As uvas comuns, também chamadas de uvas de mesa, são aquelas grandes, doces e suculentas, perfeitas para comer in natura. Elas foram selecionadas ao longo do tempo justamente para oferecer polpa abundante, casca fina e sabor agradável ao consumo imediato. Porém, por terem pouco açúcar e acidez baixa, raramente são adequadas para se transformar em vinho de qualidade.
Já as uvas viníferas, pertencentes à espécie Vitis vinifera, são menores, têm casca mais espessa e muito mais concentração de açúcares e compostos aromáticos. Essas características permitem que passem pelo processo de fermentação com equilíbrio e complexidade, resultando em vinhos estruturados, cheios de nuances de sabor e aroma. É delas que vêm os grandes nomes conhecidos no mundo do vinho, como Cabernet Sauvignon, Chardonnay, Merlot, Pinot Noir, entre tantas outras.

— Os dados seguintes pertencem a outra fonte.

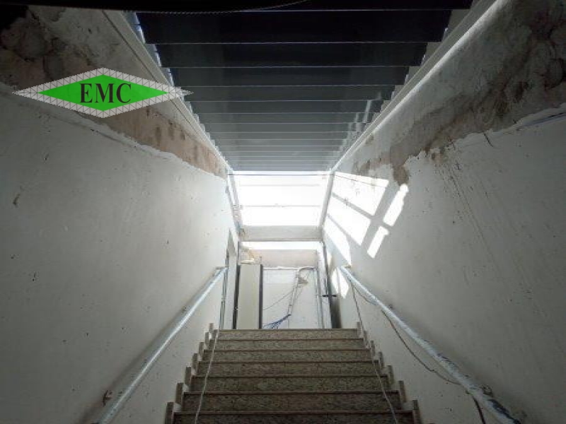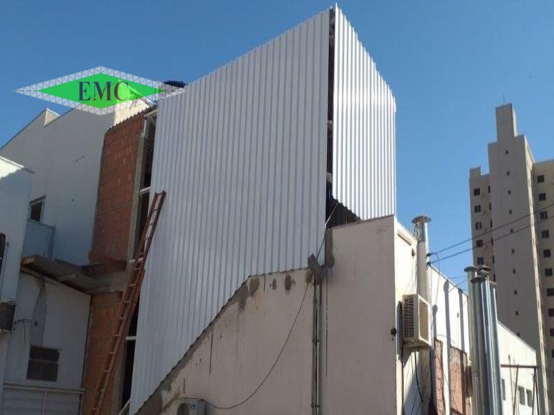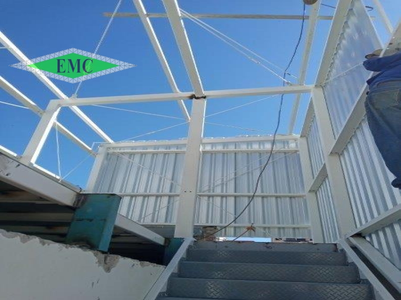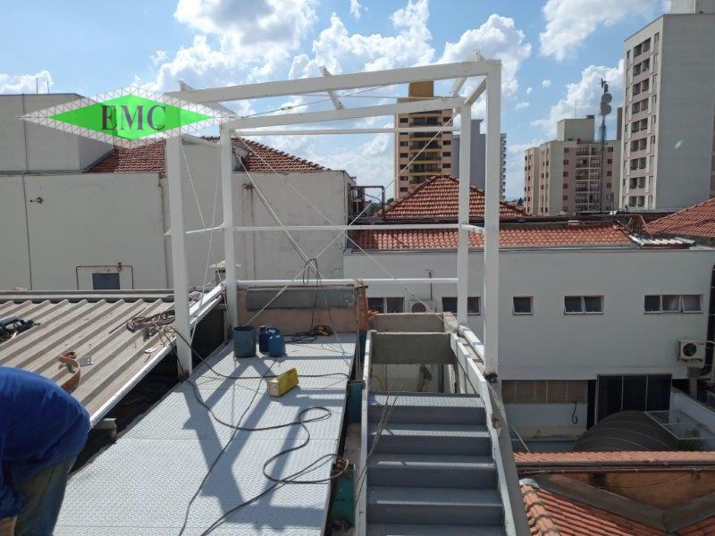 Estrutura Metallica de cobertura para acesso a pavimento superior , estrutura feita sobre edificação existente, o acesso foi feito por escada e mezanino metálico para nova UTI hospitalar , fabricada por perfis dobrados , cantoneiras laminadas , chapa de piso xadrez , a estrutura foi coberta por telhas galvanizadas pintadas.

O momento da colheita é crucial. As uvas precisam ser retiradas no ponto certo de maturação, quando apresentam o equilíbrio ideal entre doçura, acidez e taninos. Antecipar ou atrasar a colheita pode mudar completamente o estilo do vinho, desde um branco leve e refrescante até um tinto encorpado e robusto. É nesse instante que o trabalho cuidadoso do viticultor se revela, pois cada decisão influencia diretamente o que mais tarde encontraremos na garrafa.
Assim, a jornada do vinho começa muito antes da vinificação. Ela nasce na videira, cresce sob a influência do clima, do solo e do cuidado humano, e só então se transforma em fruto maduro pronto para ser colhido. Cada cacho carrega em si a promessa de uma história que só será contada quando o vinho estiver servido na taça.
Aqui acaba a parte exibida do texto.